Who out there has ever experienced gender disappointment? Convinced yourself you were going to be having a girl to find out you were having a boy or vice versa?
This current pregnancy, my 2nd, I experienced just this! When i found out i was pregnant, although i kept my thoughts to myself for the first 3 months, i was convinced i was going to be having a girl. I went for the first scan at 3 months, when we saw we had a nice wriggly happy baby, i allowed myself to get very excited and started sharing my thoughts with my partner and my family that i was almost certain it would be a girl. Call it mothers instinct, gut instinct or woman’s intuition… i was 110 percent sure it was a girl. So much so, boys names were not a thought on my brain, i had a few solid girls names i was happy with. Not one boys name. I had this same instinct when i was pregnant with my first, i knew the moment i was pregnant he would be a boy and i was so spot on. I wasn’t going to question my instincts a second time. I felt really connected to my first baby during pregnancy and after, and i was excited to feel this way again a second time.
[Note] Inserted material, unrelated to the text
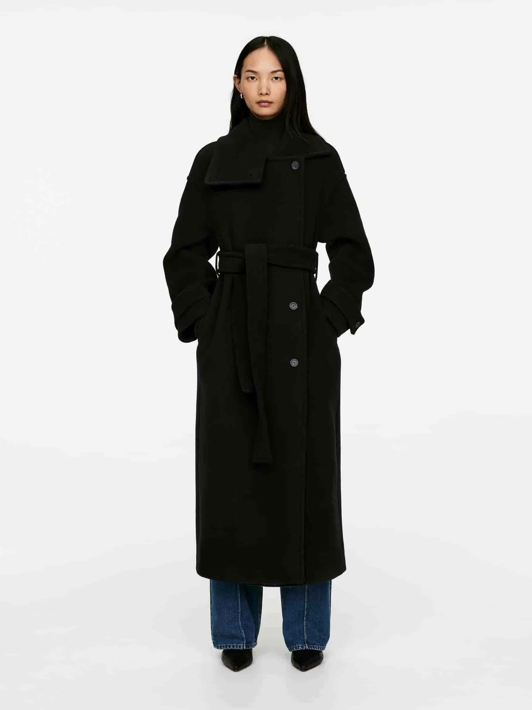 Belted maxi coat crafted from a wool blend. A fully lined, single breasted style with a collar that can be worn folded down or standing. Pockets at side seams sleeve and sleeve tabs with button closure. Oversized fit. The style contains 75% RWS wool (TE-00047206). Products certified to the Responsible Wool Standard (RWS) contain wool fiber from farms independently certified to animal welfare and land management requirements.

We went for the second scan and after revealing all was good, nothing to be worried about except a low lying placenta, but baby was fine. So i plucked up the courage to find out what we were having. During the scan it wasn’t obvious, you couldn’t tell so i was sure i had it pegged right again. After her searching for some time, she finally said “Ah, there we go, see there…. its definitely a boy!” I instantly felt sad, don’t get me wrong i knew how lucky i was to be pregnant with a healthy baby after my history Miscarriages and Molar pregnancies but as we drove home i just felt really sad. I even wanted to cry. What had happen to my mothers instinct? My internal woman’s gut instinct only us girls have? how could i have been so sure, yet so wrong? I was really excited at the thought of having one of each, perfect! I guess my disappointment showed in the car on the way home because Carl looked at me and said “Try not to be too disappointed, we have a healthy baby and that’s all that matters.” Of course he was right, but how could he understand how i was feeling right now? It wasn’t even so much that i was having a boy, it was more so that i was wrong, my instinct was off. Am i not connected to this baby like i was the first time? I just couldn’t get to grips my mum instinct was so wrong. Carl couldn’t understand how i was feeling, he tried, but hes not a woman and only a mum could really understand how this feels. It took me a good week to start shifting my feelings and thoughts and accept i was wrong. In actual fact, i still haven’t understood how i could be so wrong. But i am very excited at having another boy. Mind you we still have not any names picked, its a lot harder this time trying to find a boys name. The first time oddly enough i found everything easy, this time around it all seems a lot harder.
The perks to having another boy… I can keep all of Timmy’s nice clothes, hand me downs (sorry 2nd baby) but i must say, even Timmy had hand me downs among his new baby clothes. Toys can be kept and reused, plates, decorations all boy stuff can be kept. Also, i’m now used to what its like having a boy, so in that respect i know what i am in for.
I would love to hear any feedback or comments you may have on this subject as i’m sure i’m not the only person in the world to have experienced this!